Gzip decompression in 250 lines of Rust (iev.ee)

by vismit2000 45 comments 127 points
Read article View on HN

45 comments

[−] stgn 49d ago

> so i wrote a gzip decompressor from scratch

After skimming through the author's Rust code, it appears to be a fairly straightforward port of puff.c (included in the zlib source): https://github.com/madler/zlib/blob/develop/contrib/puff/puf...

[−] dymk 49d ago
This feels like it should have been mentioned in the article.

It makes me wonder if there was some LLM help, based on how similar the fn structure and identifier names are.

[−] cmovq 49d ago
Even the function names are identical :/
[−] bitbasher 49d ago
You could say it was a “puff” piece, eh, eh!?
[−] ieviev 49d ago
Oh i didnt even know of this. But i got a lot of help from this one

https://github.com/madler/infgen

EDIT: Didnt notice that it’s even by the same person of course it’s very similar

[−] pseudohadamard 49d ago
Meh, I've written a gzip decompressor in two lines of shell script:

  #!/bin/sh
  gzip -d $@
[−] nayuki 50d ago
Just like that author, many years ago, I went through the process of understanding the DEFLATE compression standard and producing a short and concise decompressor for gzip+DEFLATE. Here are the resources I published as a result of that exploration:

* https://www.nayuki.io/page/deflate-specification-v1-3-html

* https://www.nayuki.io/page/simple-deflate-decompressor

* https://github.com/nayuki/Simple-DEFLATE-decompressor

[−] Lerc 49d ago
The function

  fn bits(&mut self, need: i32) -> i32 { ....
Put me in mind of one of my early experiments in Rust. It would be interesting to compare a iterator based form that just called .take(need)

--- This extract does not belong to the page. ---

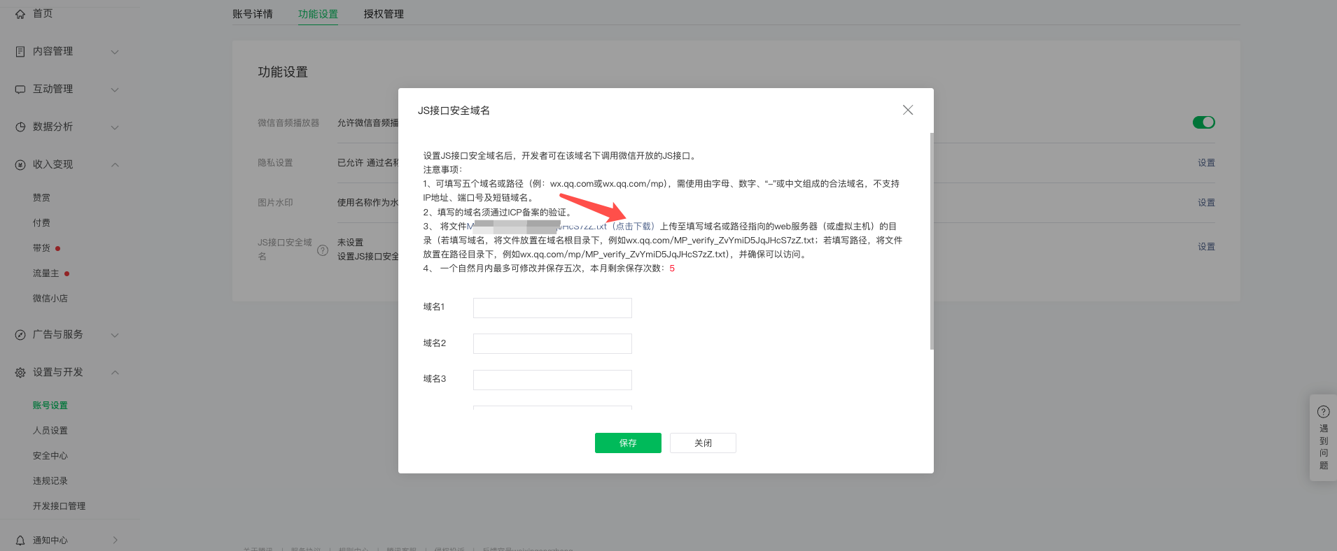 js接口安全域名校验文件:下载提供给到易企秀后,易企秀端进行配置后,可添加域名,域名取作品链接中的部分,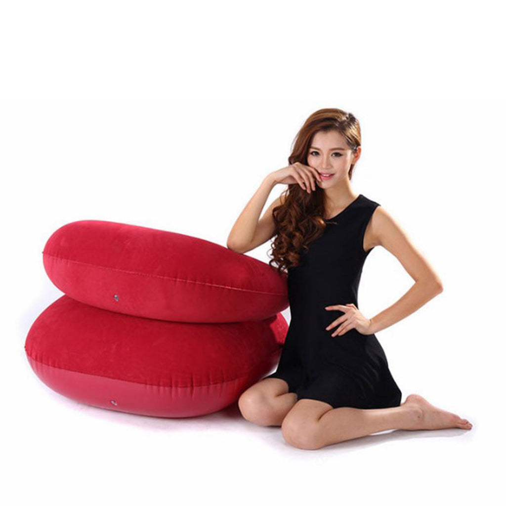 Inflating the wedge by mouth or pump. When you don't need it, you can get air out and fold it, lightweight and portable, save space

I haven't written a lot of Rust, but one thing I did was to write an iterator that took an iterator of bytes as input and provided bits as output. Then used an iterator that gave bytes from a block of memory.

It was mostly as a test to see how much high level abstraction left an imprint on the compiled code.

The dissasembly showed it pulling in 32 bits at a time and shifting out the bits pretty much the same way I would have written in ASM.

I was quite impressed. Although I tested it was working by counting the bits and someone critizised it for not using popcount, so I guess you can't have everything.

[−] MisterTea 50d ago

> twenty five thousand lines of pure C not counting CMake files. ...

Keep in mind this is also 31 years of cruft and lord knows what.

Plan 9 gzip is 738 lines total:

  gzip.c 217 lines
  gzip.h 40 lines
  zip.c  398 lines
  zip.h  83 lines
Even the zipfs file server that mounts zip files as file systems is 391 lines.

edit - post a link to said code: https://github.com/9front/9front/tree/front/sys/src/cmd/gzip

> ... (and whenever working with C always keep in mind that C stands for CVE).

Sigh.

[−] jmmv 49d ago
I was reading this and couldn't stop thinking https://en.wikipedia.org/wiki/Literate_programming
[−] carlos256 49d ago

>the only flag we care about is FNAME The specification does not define an encoding for the file name. Different file systems may impose restrictions on certain names, so FNAME should not be used.

[−] socalgal2 49d ago
that reminds me a zip file creator in a few lines of JS. Now that CompressionStream is a built in feature of the browser and node. No need to use some bloated npm lib. But momentum and popularity (and LLMs) will keep people using JSZip for eternity
[−] sulplisetalk 49d ago
[flagged]
[−] jeffrallen 50d ago
[flagged]
[−] up2isomorphism 50d ago
Another dev who doesn’t show respect to what has been done and expect a particular language will do wonders for him. Also I don’t see this is much better in term of readability.